* TLINK_ERROR_EXPIRE breakage
@ 2016-09-01 16:26 Ben Harris
[not found] ` <alpine.DEB.2.10.1609011625050.20241-DQa+Qhn4Z596hOdV6ebWgAmrLCtcsW2JsGvUnSjEs/k@public.gmane.org>
0 siblings, 1 reply; 3+ messages in thread
From: Ben Harris @ 2016-09-01 16:26 UTC (permalink / raw)

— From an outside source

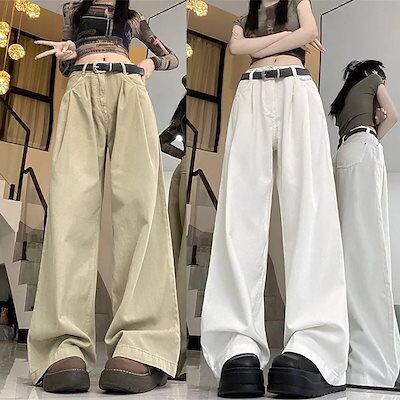 カーキ カラー カジュアル パンツ レディース デニム パンツ 新作 ハイウエスト 痩せ見え ゆったり ワイドレッグ ストレート ロングパンツ

To: linux-cifs-u79uwXL29TY76Z2rM5mHXA; +Cc: UIS Platforms
We have a system that uses CIFS for users' home directories, and that uses
pam_cifscreds to inject the user's password into the kernel keyring at
login. Using the stock Ubuntu 16.04 kernel (4.4.0-36-generic) we get
problems on console and SSH logins where Bash can't read .bash_profile:
Last login: Thu Sep 1 16:34:17 2016 from 172.24.193.54
-bash: /home/bjh21/.bash_profile: Permission denied
But if I then type "ls", everything seems to be fine.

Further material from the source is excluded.